● Exercise brief:
Exactly reproduce the lines of the listing below from the one containing "For AirPods 4" through the one containing "ブラック系のダッフルコートを着用したレディースの冬コーディネートの1枚目の写真". Skip the images.

● Supplied records:
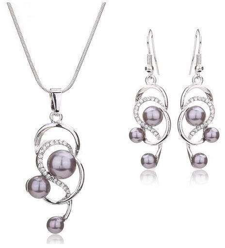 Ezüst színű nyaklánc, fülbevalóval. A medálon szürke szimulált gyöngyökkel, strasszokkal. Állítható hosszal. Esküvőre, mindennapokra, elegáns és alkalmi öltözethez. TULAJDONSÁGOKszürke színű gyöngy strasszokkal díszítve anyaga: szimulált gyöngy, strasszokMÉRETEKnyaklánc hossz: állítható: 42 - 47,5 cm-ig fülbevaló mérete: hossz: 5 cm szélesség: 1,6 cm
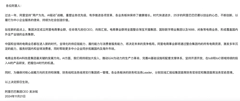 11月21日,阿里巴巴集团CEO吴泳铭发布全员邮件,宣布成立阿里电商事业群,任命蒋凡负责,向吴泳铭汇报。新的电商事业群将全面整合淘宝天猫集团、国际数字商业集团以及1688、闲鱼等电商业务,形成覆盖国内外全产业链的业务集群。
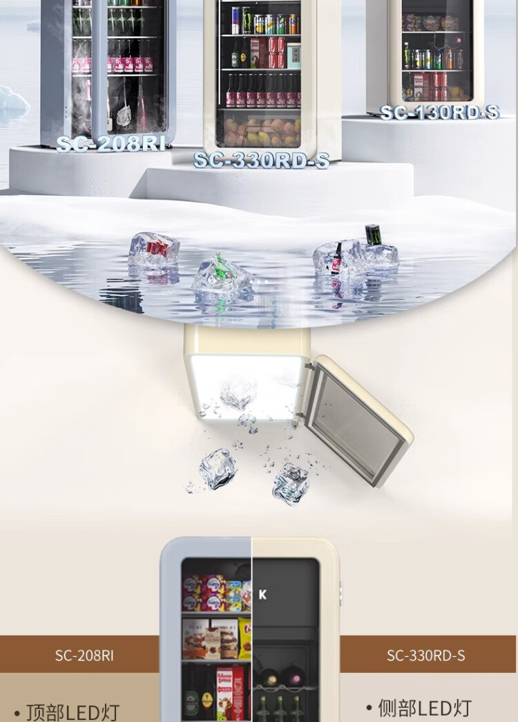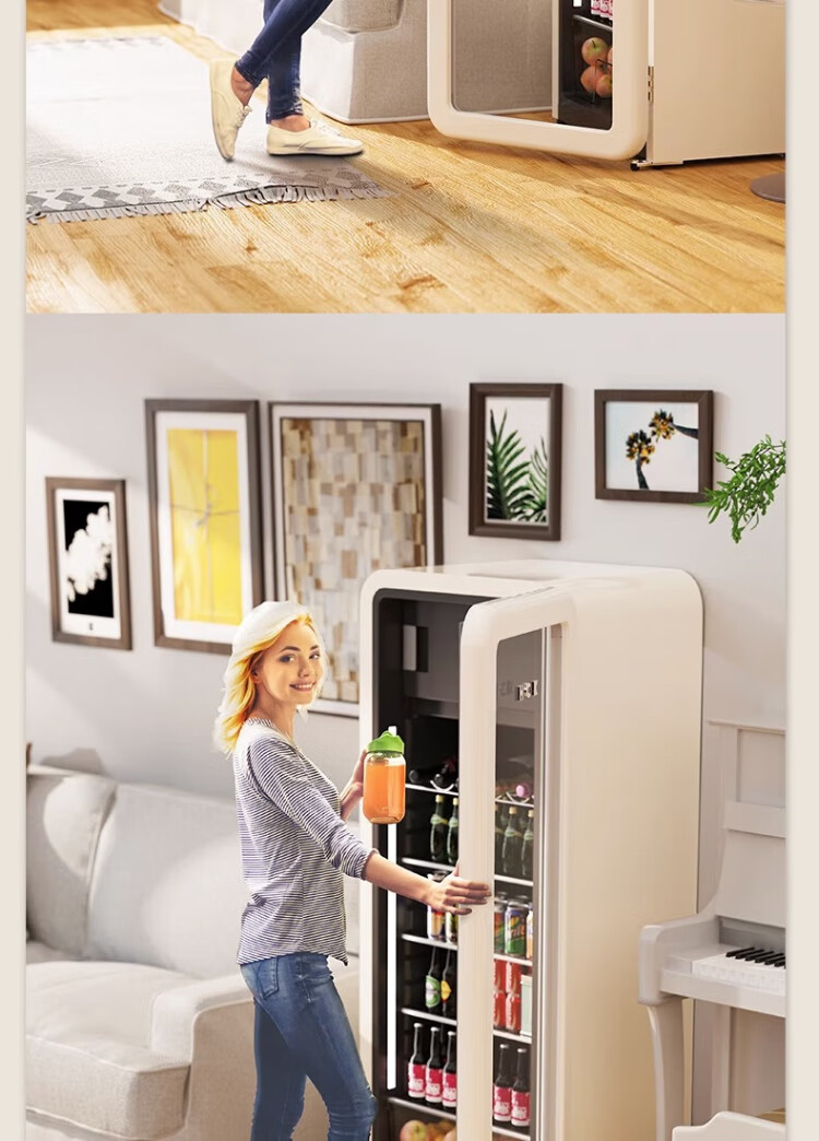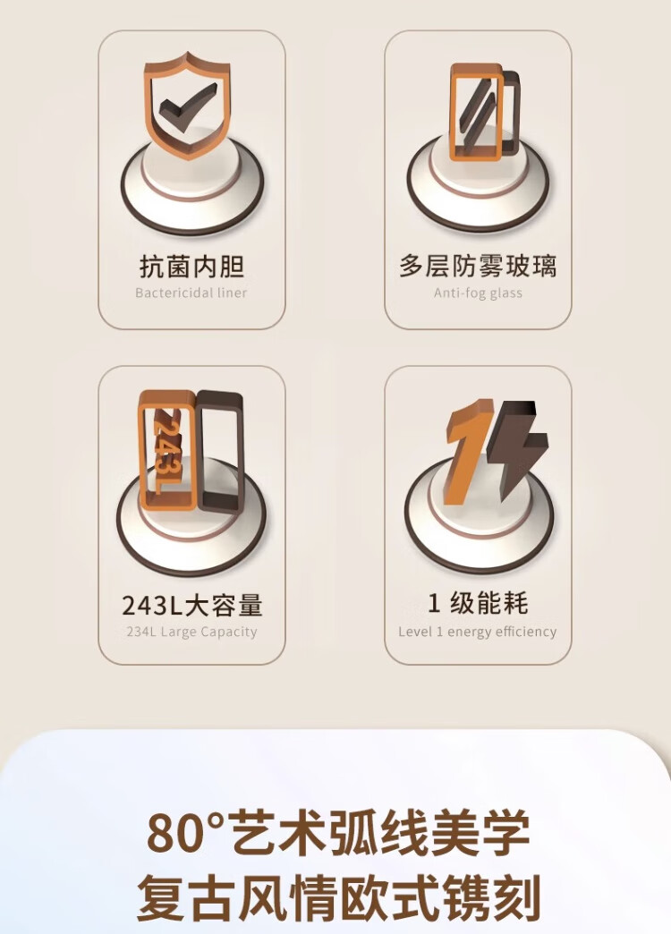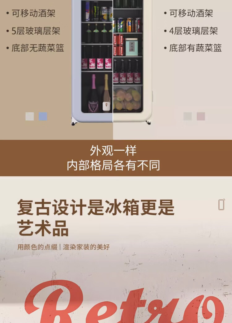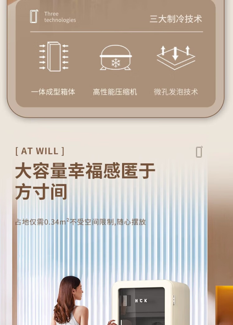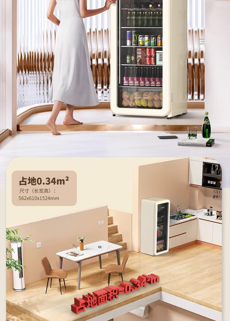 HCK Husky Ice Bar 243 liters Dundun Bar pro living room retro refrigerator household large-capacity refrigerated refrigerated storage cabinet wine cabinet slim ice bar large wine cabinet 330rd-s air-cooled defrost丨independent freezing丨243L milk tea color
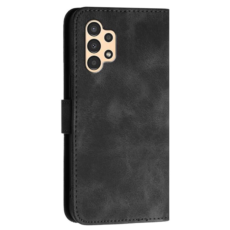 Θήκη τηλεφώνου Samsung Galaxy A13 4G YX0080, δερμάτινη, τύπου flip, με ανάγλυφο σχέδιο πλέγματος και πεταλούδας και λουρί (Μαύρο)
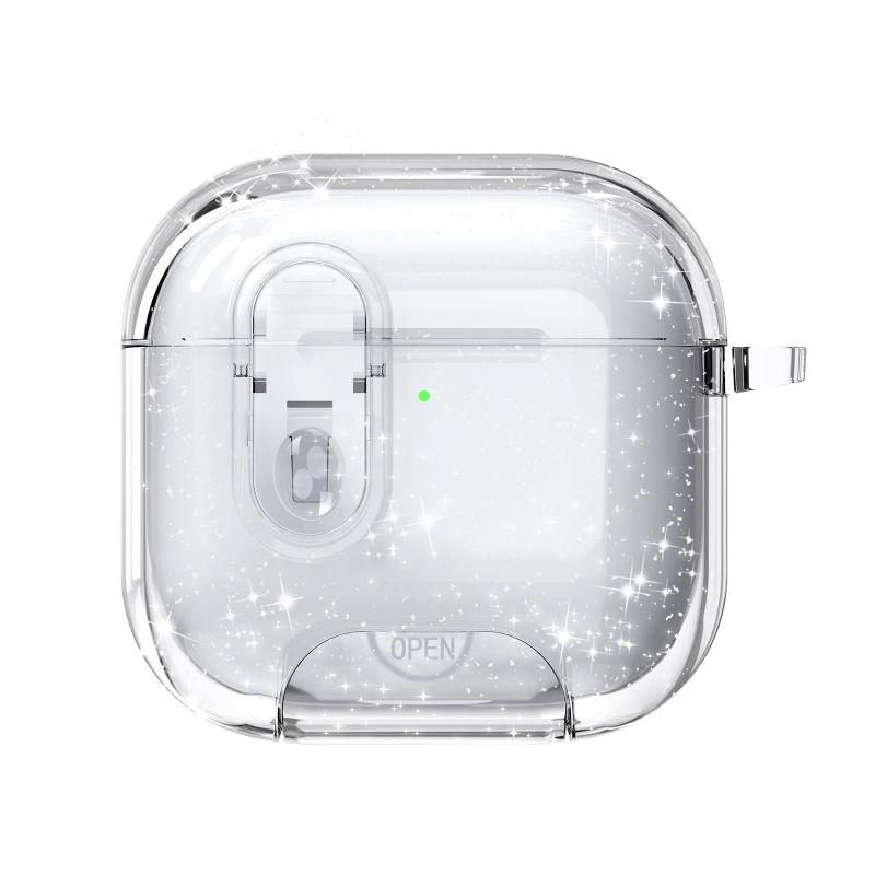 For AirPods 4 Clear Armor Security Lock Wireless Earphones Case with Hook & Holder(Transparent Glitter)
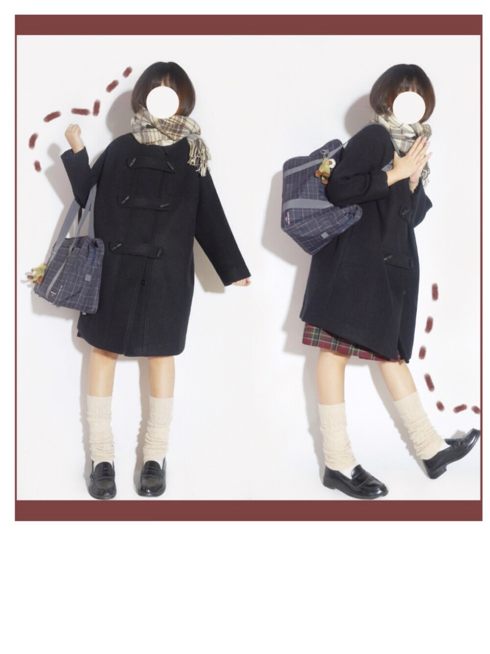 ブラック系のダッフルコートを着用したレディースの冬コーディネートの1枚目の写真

...

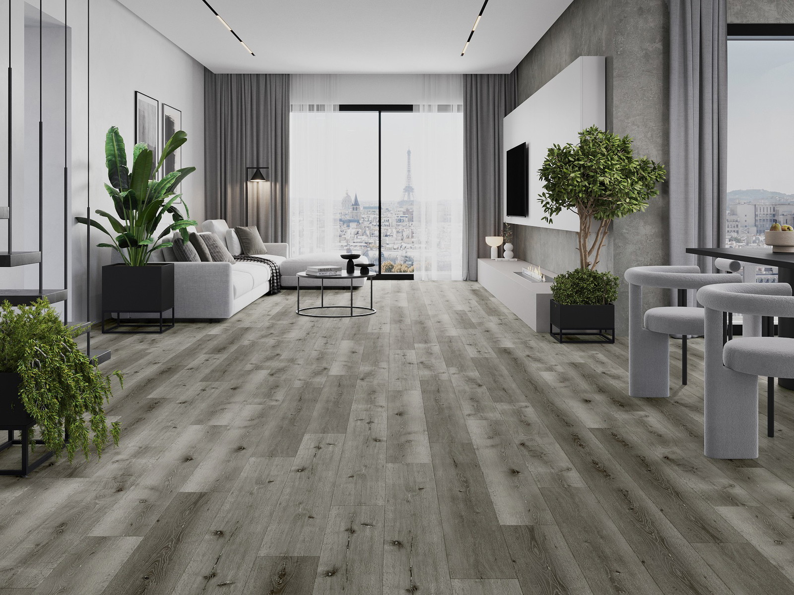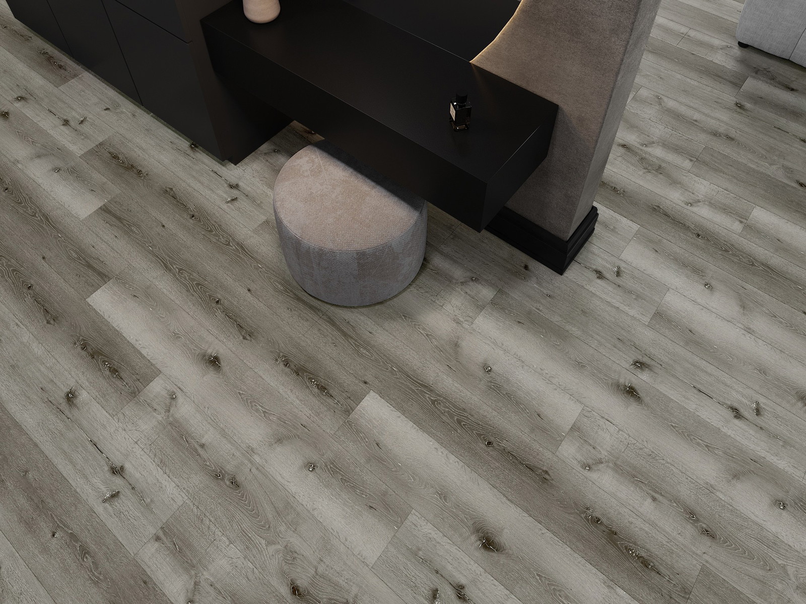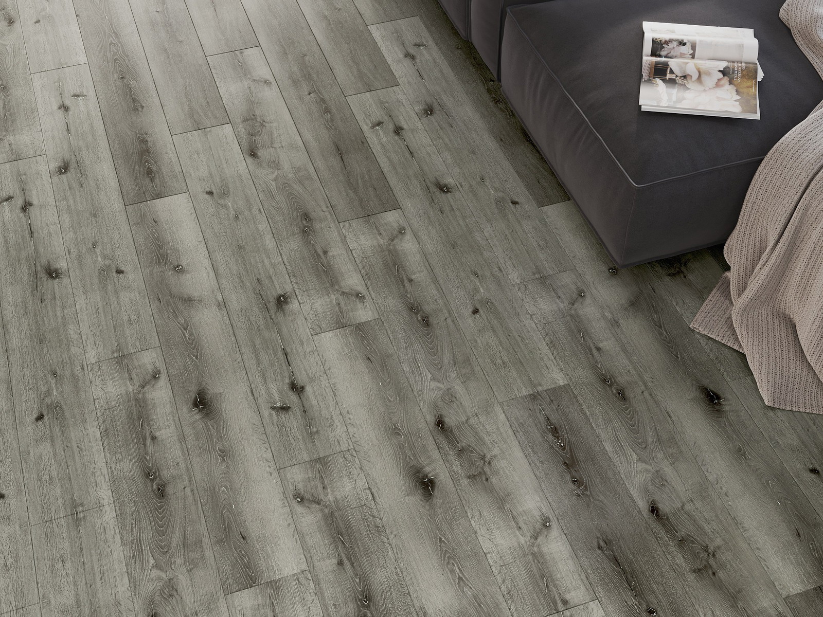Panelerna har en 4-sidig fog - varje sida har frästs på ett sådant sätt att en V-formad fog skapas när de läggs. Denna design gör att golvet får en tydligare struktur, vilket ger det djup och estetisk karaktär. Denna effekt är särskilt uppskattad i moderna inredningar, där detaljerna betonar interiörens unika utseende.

● Solution for this problem:
 For AirPods 4 Clear Armor Security Lock Wireless Earphones Case with Hook & Holder(Transparent Glitter)
 ブラック系のダッフルコートを着用したレディースの冬コーディネートの1枚目の写真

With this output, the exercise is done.